Between roughly 9-11:30 AM local time, the shadow of the moon obscured the sun from 76% to 56% across the state, causing a significant decline in the roughly 18 GW of solar that is online. According to charts by California ISO, solar going off-line meant that the system needed a temporary 5 GW injection of extra power.
The result? Not much. “Things went really really well,” noted California Independent System Operator (CAISO) VP of Operations Eric Schmitt. “Our market performed very well, with very little operator intervention.”

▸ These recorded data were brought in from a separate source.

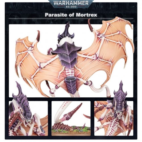 This kit bullds one Parasite of Mortrex. Armed with clawed limbs and a barbed ovipositor, this winged beast is a mobile incubation organism housing hundreds of Ripper pods. With a host of horrifying abilities, this unique biomorph adds disruptive tactical options to the already unpredictable tendrils of the Hive Fleet.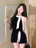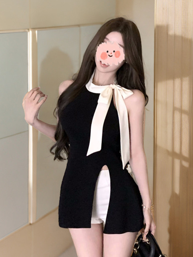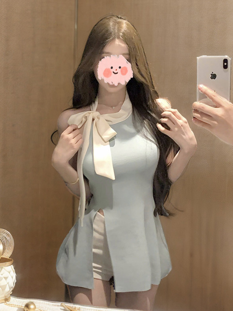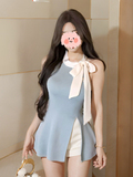 Трикотажный бюстгальтер-топ с бантиком, дизайнерская майка топ, синяя футболка без рукавов, с открытой спиной, облегающий крой, тренд сезона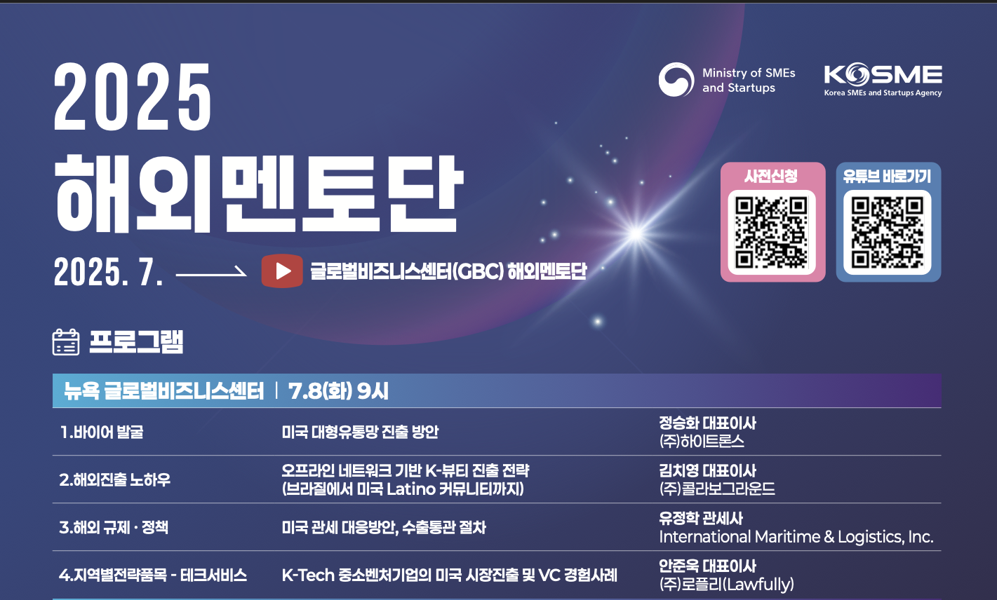 중소벤처기업부와 중소벤처기업진흥공단은 수출 중소기업을 대상으로 미국 관세 대응, 해외 진출, 수출국 다변화 등에 대한 실질적인 정보를 제공하는 ‘2025 해외멘토단’ 프로그램을 7월 8일부터 운영하고 있습니다.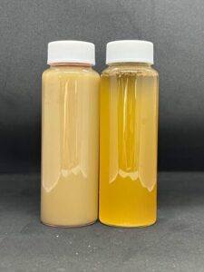 写真左:エマルジョンブレーカ―#200添加前 写真右:エマルジョンブレーカ―#200添加し撹拌後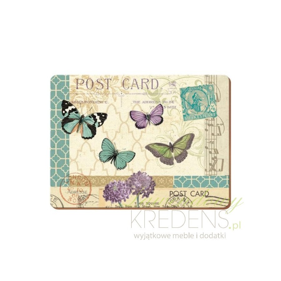 Dodatki do kuchni, a wśród nich podkładki korkowe mają prostokątny kształt i cztery urocze kolorowe motyle. Podkładki stołowe sa w stonowanych miłych dla oka kolorach zieleni i fioletu. Doskonale będą wyglądać na stole w jadalni, chroniąc go przed zarysowaniem czy zabrudzeniem. Wyglądem przypominają gustowną pocztówkę.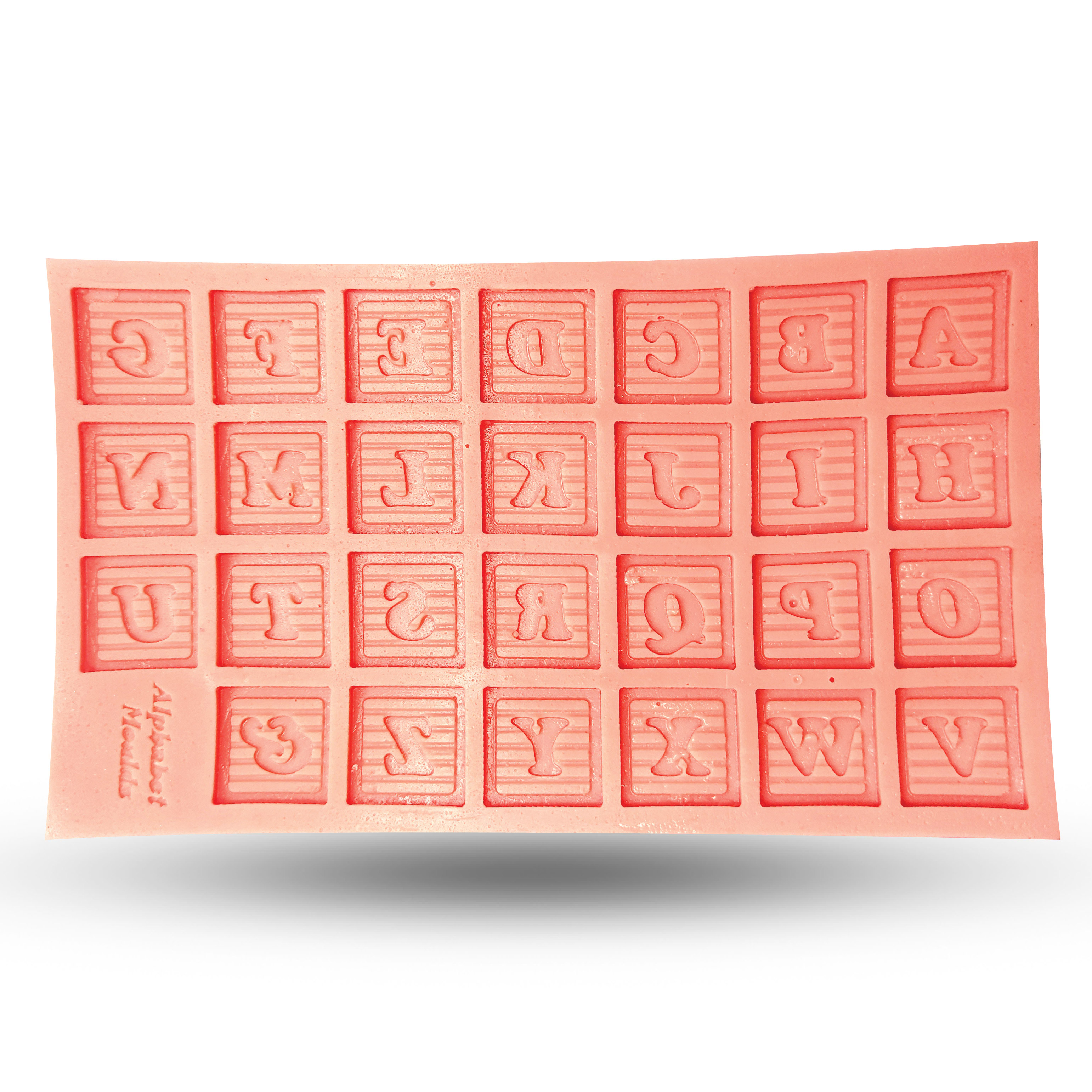 طراحی دقیق و متقارن – این قالب شامل مجموعهای از حروف درون قابهای مربعی است که روی فوندانت، مارزیپان یا خمیر شکلاتی نقش میبندد.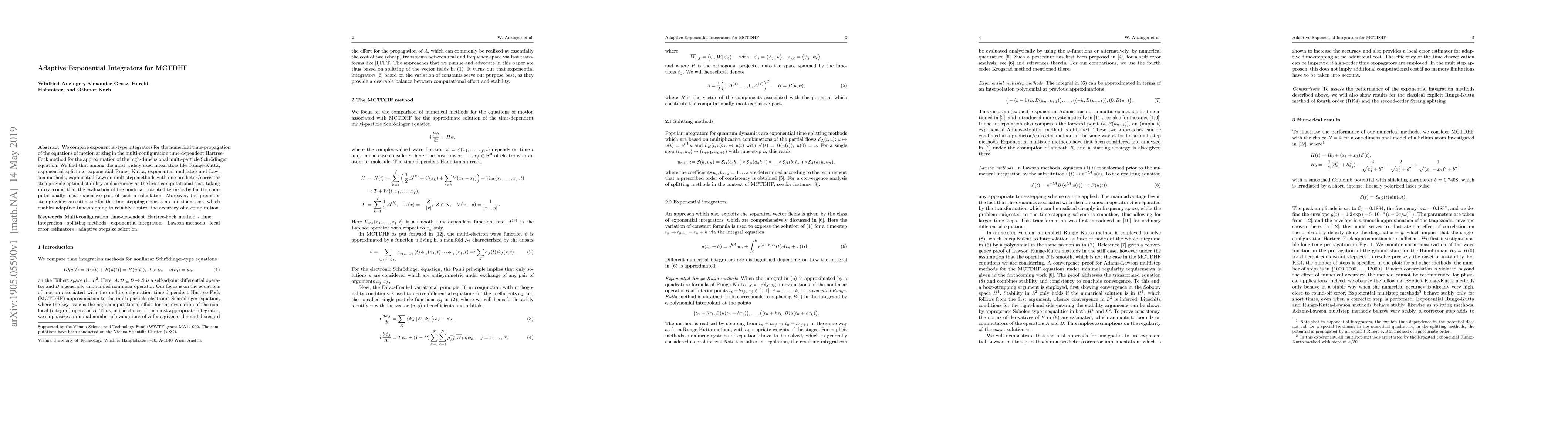 We compare exponential-type integrators for the numerical time-propagation of the equations of motion arising in the multi-configuration time-dependent Hartree-Fock method for the approximation of the high-dimensional multi-particle Schr{\"o}dinger equation. We find that among the most widely used integrators like Runge-Kutta, exponential splitting, exponential Runge-Kutta, exponential multistep and Lawson methods, exponential Lawson multistep methods with one predictor/corrector step provide optimal stability and accuracy at the least computational cost, taking into account that the evaluation of the nonlocal potential terms is by far the computationally most expensive part of such a calculation. Moreover, the predictor step provides an estimator for the time-stepping error at no additional cost, which enables adaptive time-stepping to reliably control the accuracy of a computation.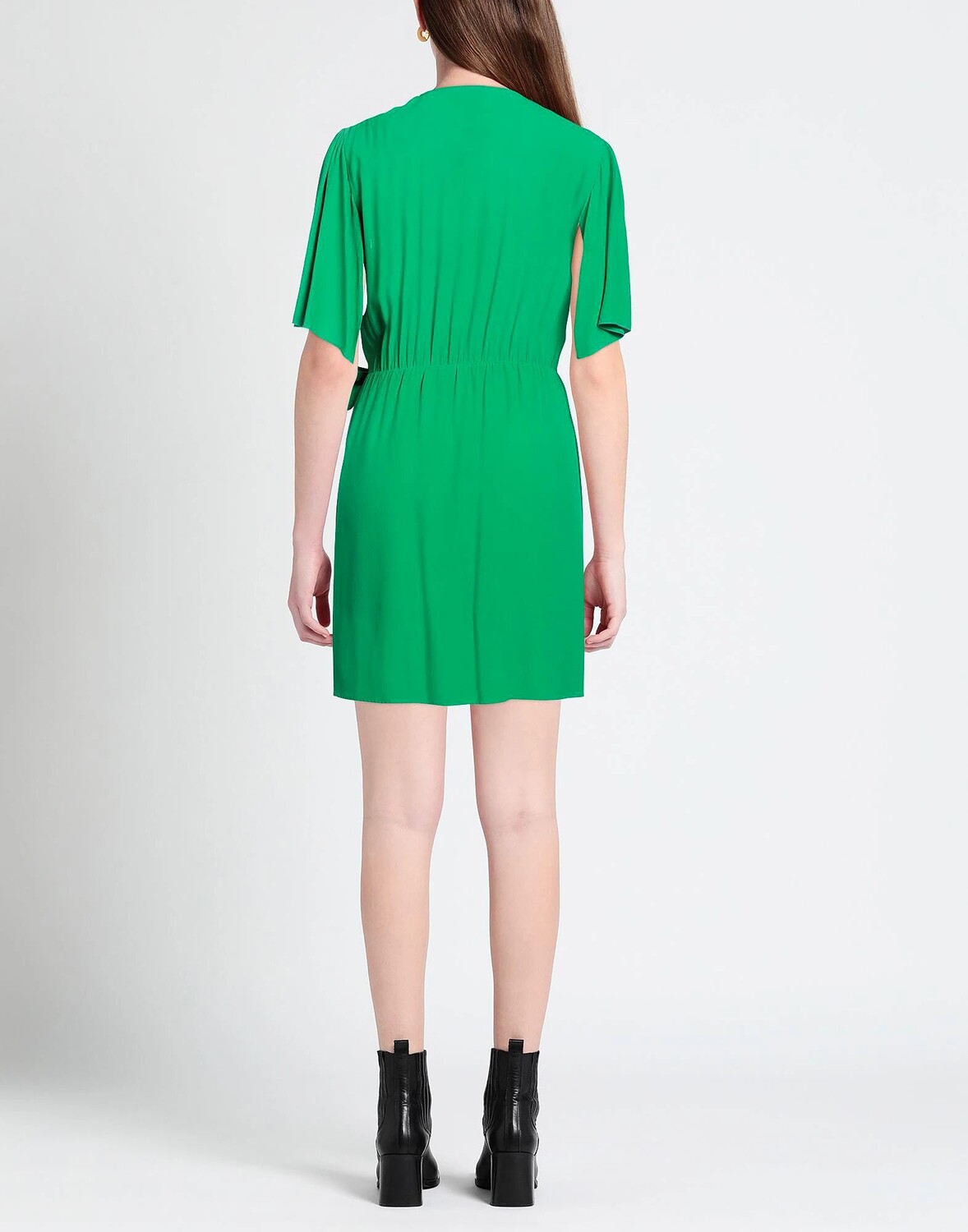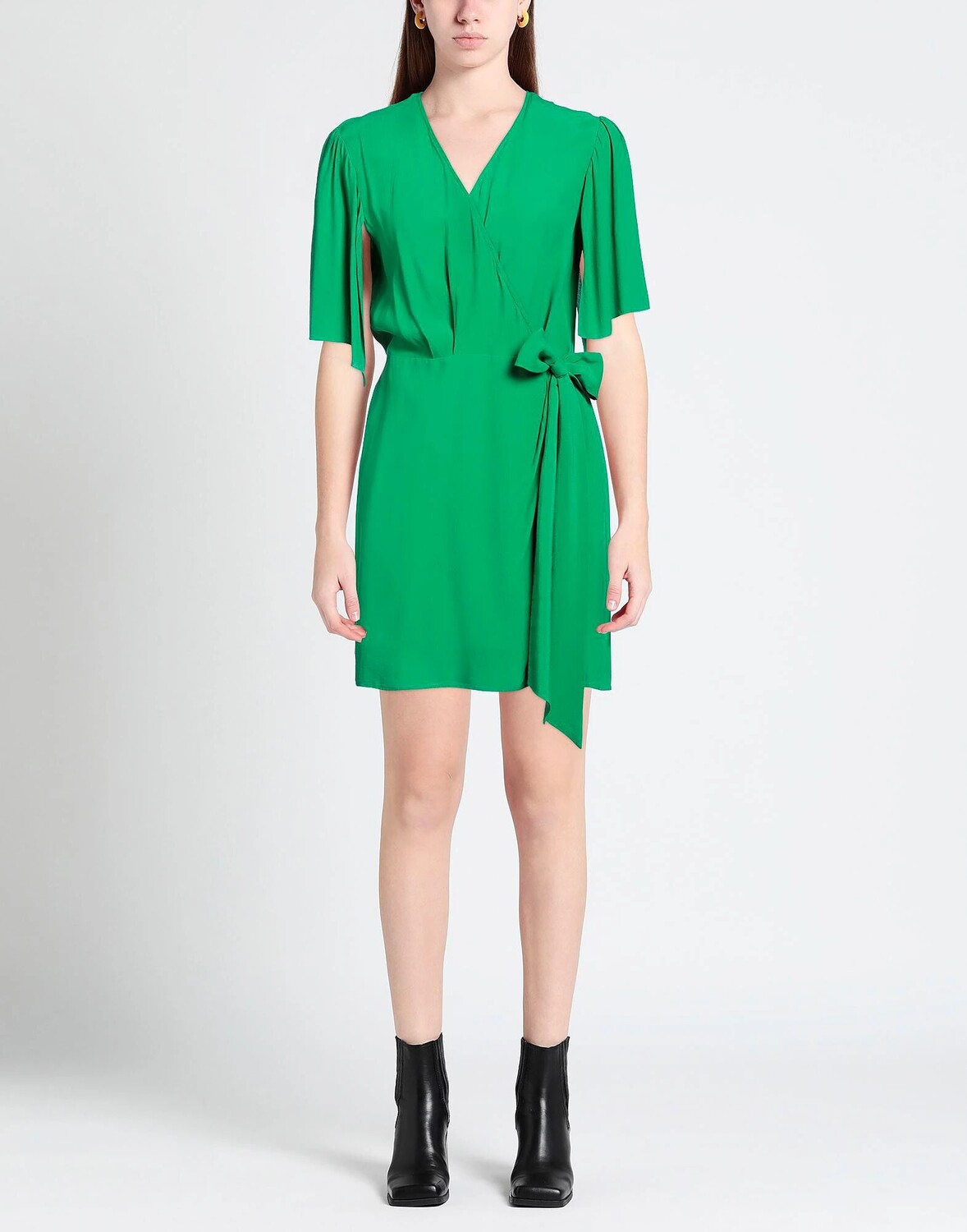 Креп, без аппликаций, одноцветное изделие, глубокий вырез, короткие рукава, без подкладки, без карманов, платье с запахом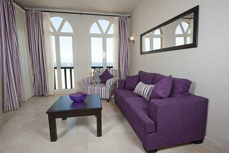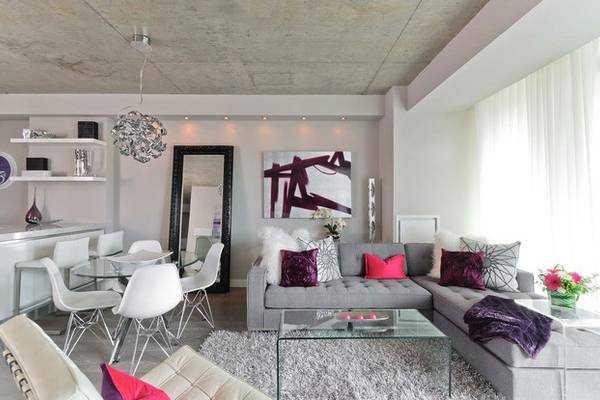 Роскошный пурпурный в сочетании с серым и белым выглядит в гостиной очень элегантно.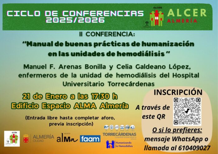 Compartimos con todos vosotros esta información que nos llega desde Alcer Almería y que tendrá lugar el próximo día 21 en la que los enfermeros Manuel Arenas y Celia Galdeano serán los encargados de exponer las buenas prácticas de humanización en las unidades de hemodiálisis.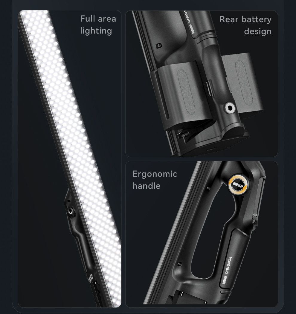 YN660S LED побудований на алюмінієвій рамі, яка ефективно відводить тепло. Світильник має зручну ручку та може керуватися однією рукою. На ручці передбачений великий екран, на якому зображаються параметри та параметри світла. Також на ручці розташоване колесо для керування лампою.
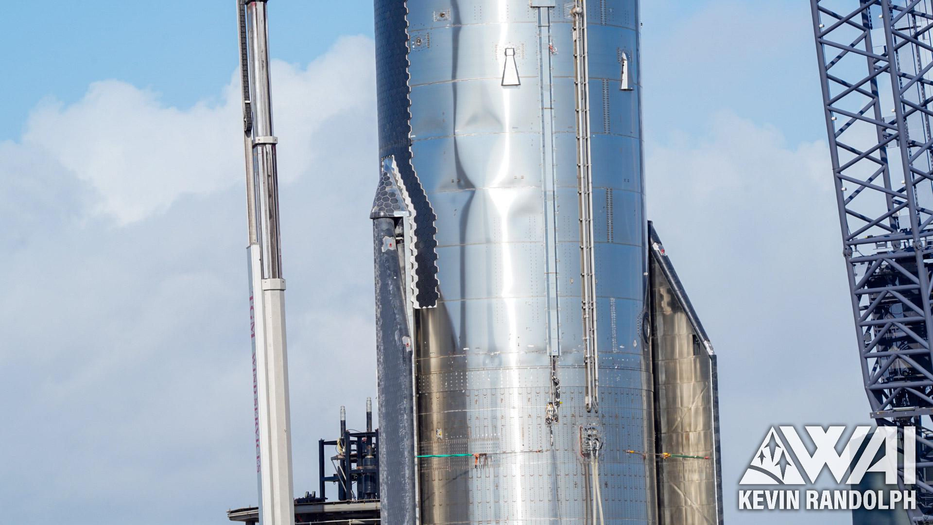 星舰拍摄的星舰S24,通过照片可见到舰翼部分已经变形了,估计是前两天进行的低温加注测试导致的。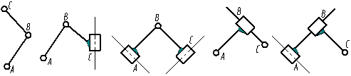 5 = 3,稱為(wéi)Ⅱ級組,由於杆組(zǔ)中轉動副和移動副的配置不同,Ⅱ級杆組共有如下五種形式: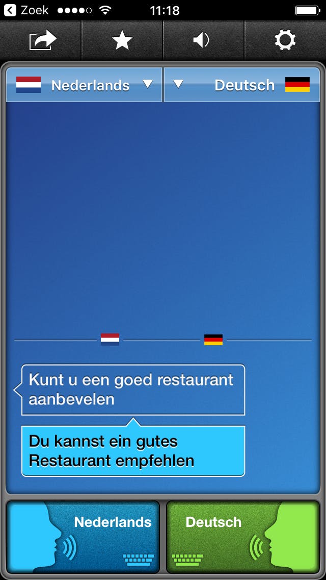 In je vakantie hoop je dat je je kunt redden met Engels, maar niet in alle landen spreken ze die wereldtaal even goed. Voor dit soort onvoorziene omstandigheden is het handig om een vertaal-app bij je te hebben. De app Google Translate is natuurlijk prima voor het vertalen van kleine zinnetjes of woordjes, maar een betere hulp is de app SayHi Translate. Helaas is deze app alleen voor iOS beschikbaar, maar voor Android is er een soortgelijke app met de naam Voice Translator Free. Installeer niet de Say Hi-app uit de Google Play Store, dit is een dating-app en heeft niets met vertalen te maken. In SayHi kies je een bron- en doeltaal door bovenin de twee talen te kiezen. Onderin worden deze talen nu ook weergegeven: de brontaal is blauw en de doeltaal is groen. Tik op de brontaal (in ons geval Nederlands) en spreek gearticuleerd je vraag uit na de piep. De vraag wordt meteen in de doeltaal vertaald en op het scherm van je iPhone weergegeven. Handig is bovendien dat de app de vraag meteen in de doeltaal uitspreekt. Je gesprekspartner kan hetzelfde doen door op de groene knop te tikken en te wachten op de piep. De vertalingen zijn niet altijd helemaal correct, maar je kunt op deze manier prima een gesprek met een voorbijganger of campingeigenaar houden.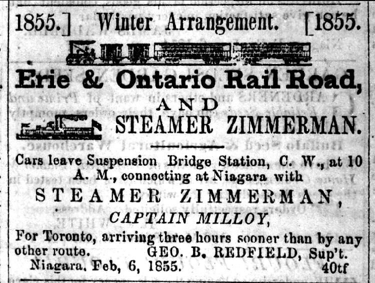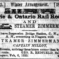 - Advertising for the Erie & Ontario Rail Road and Steamer Zimmerman 1855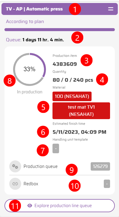 Information about the production queue

ISO was not able to say exactly the portion of various resources that went into addressing power needs during the eclipse, except that it included extra hydroelectric power and natural gas generation. CAISO has declined to comment on the role of battery storage, but Schmitt stated that the “relationship of resources is what we anticipated”. CAISO also notes that it did not put a call out for demand response.
The extra 5 GW included resources from out of state, provided through the regional Energy Imbalance Market (EIM) initiated by CAISO. On a conference call which started at around 11:30 local time, CAISO noted that once the sun returned, California began to export on the EIM.
Additionally, this led to a period of negative prices and limited curtailment of solar. California experiences recurring negative prices due to a combination of variable generation from wind and solar an inflexible resources and operating practices, which includes 24/7 output from the state’s sole remaining nuclear power plant.
CAISO says that while the event was challenging, that it remains ready for “anything”. Schmitt credits “planning, planning and more planning” for the event, and if planning can allow the grid operator to handle such an unusual event with no problems, it bodes well for a future of integrating large amounts of wind and solar.